4- Nuclear war in Dr. Strangelove or How I Learned to Stop Worrying and Love the Bomb

There always seemed something remotely chilling and cold about Stanley Kubrick’s classic dark comedy. Maybe it’s because everyone has the bomb now and we’re just one mispronounced syllable away from becoming fried chicken crispers on the sidewalk. The film satirizes the Cold War concept of “mutual assured destruction” meaning the cataclysmic events of nuclear war would be enough to deter either side from using their weapons. It’s basically seems like trying to hold together the Hoover Dam with duct tape. So if the world ends because of one nutwing general who wants to teach the enemy a thing or two, don’t say he didn’t warn you.

3-  A video game in Wargames

It’s the ultimate irony. We spend our days simulating Hell on Earth and a computer game creates Hell on Earth. And what’s the only thing that can save us? Why it’s a kid who spends his days in his room with a girl and a computer and paying more attention to the computer than the girl. Yes, it’s not only a sharp satire about how technology and nuclear warfare can destroy us all, it’s also the perfect film to advocate gay rights.

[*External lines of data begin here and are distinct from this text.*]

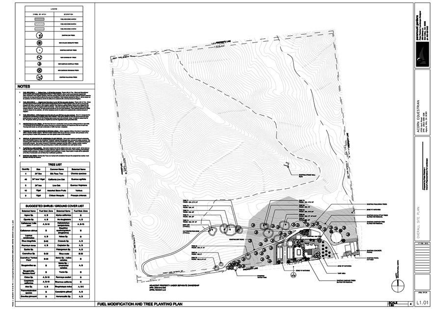 An over-all view of one half of the April ranch. This plan was submitted to the county for approval of the fuel modification and tree planting plan.
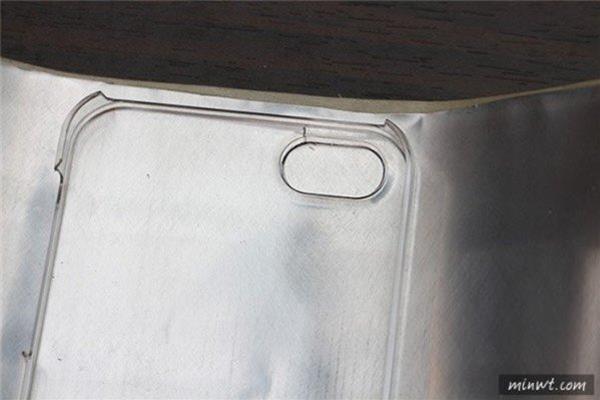 Step6 利用紙膠帶將它貼平。  Step7 接著再貼上卡典西德。  Step8 由於鋁是平滑的,因此不會像之前出現氣泡。  Step9 當貼上顆粒面後,質感變更好了。  Step11 將它剪掉後,再慢慢修個邊。  Step12 接著將手機殼放到鋁片上,並將相機的開孔出,用簽字筆標記一下。
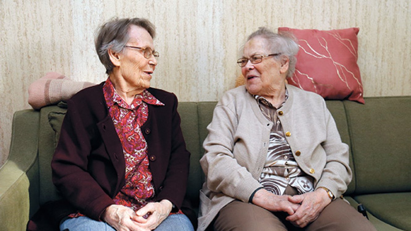 – Ennen koronaa otimme ahkerasti osaa jumalanpalveluksiin ja tiistaikerhoon. Nythän sitä taas saisi mennä, mutta jalkani on sen verran huonossa kunnossa, että olen arastellut lähteä, Terttu kertoo. – Nyt tekisi kyllä mieli. Ei se matka niin pitkä ole, tule sinäkin Terttu, Gunnel rohkaisee. – Ei se matka, vaan se istuminen, mikä tekee kipeää. Mene sinä vain, sillä välin minä voin heittää vaikka pitkäkseni, Terttu vastaa ja katsoo lämpimästi ystäväänsä silmiin.
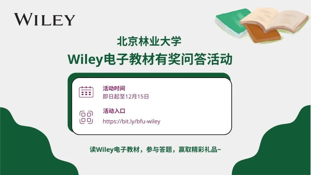 为了鼓励大家充分利用Wiley的优质电子教材资源,北京林业大学图书馆联合Wiley出版社特别企划了有奖问答活动。只需简单几步参与活动,就有机会获得精美礼品哦!
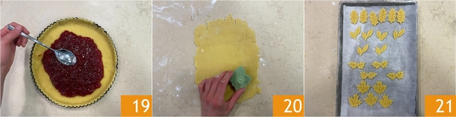 Vierte la mermelada dentro del molde y nivélala con el dorso de una cuchara 20. Con pequeños moldes, de aproximadamente 2 cm de diámetro, recorta galletitas de la masa sobrante 19 y colócalas poco a poco en una bandeja con papel de horno 21. Puedes hacer las formas que prefieras.
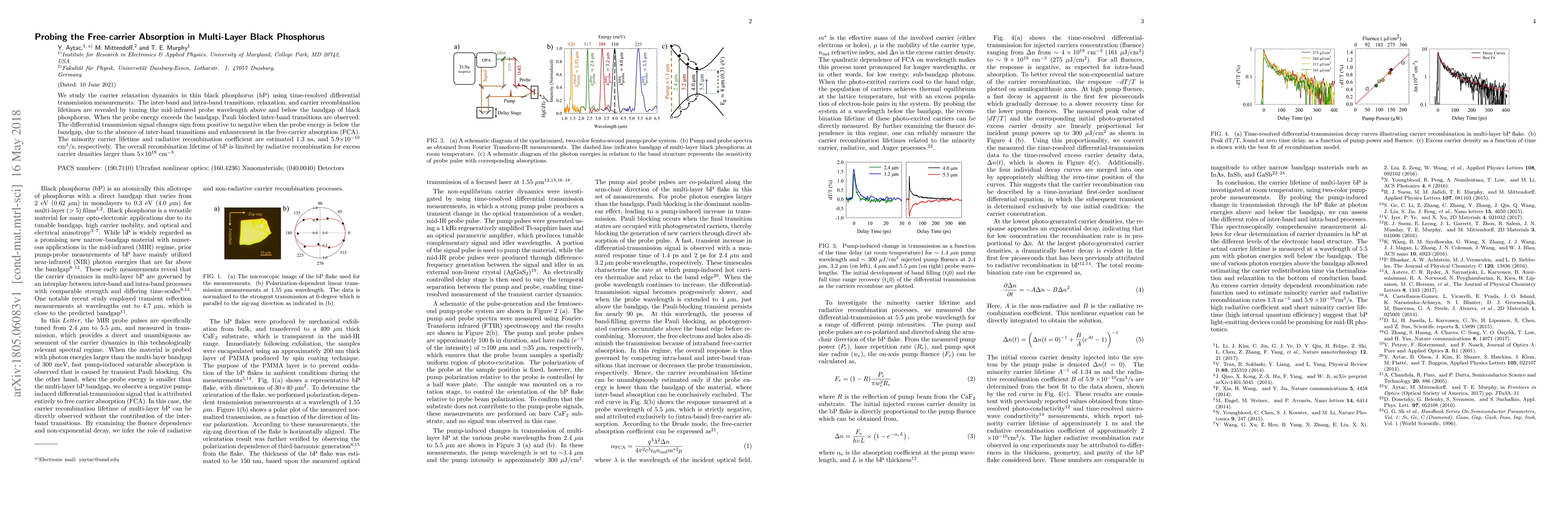 The paper presents a detailed analysis of free-carrier absorption in multi-layer black phosphorus, providing insights into carrier relaxation dynamics and recombination processes.

2- Aliens attack in Earth vs. the Flying Saucers

There have been a million movies where the aliens land, shoot up major landmarks while we shoot at them and then they die for some dumb reason that’s written in at the last minute to keep the film from going over budget. None of them holds a candle to the way Ray Harryhausen chooses to end the world: giant flying saucers crashing into things. This is the way I want the world to go because sure we might die, but at least we’ll be geeking out to the very end.

1-  Aliens turn our dead against us in Plan Nine from Outer Space

It’s the ultimate plan to take over the world: reanimate the dead so they murder the remaining humans making Earth ripe for the picking. It would have worked if they didn’t look so damn funny. Those aliens are stupid, stupid, stupid.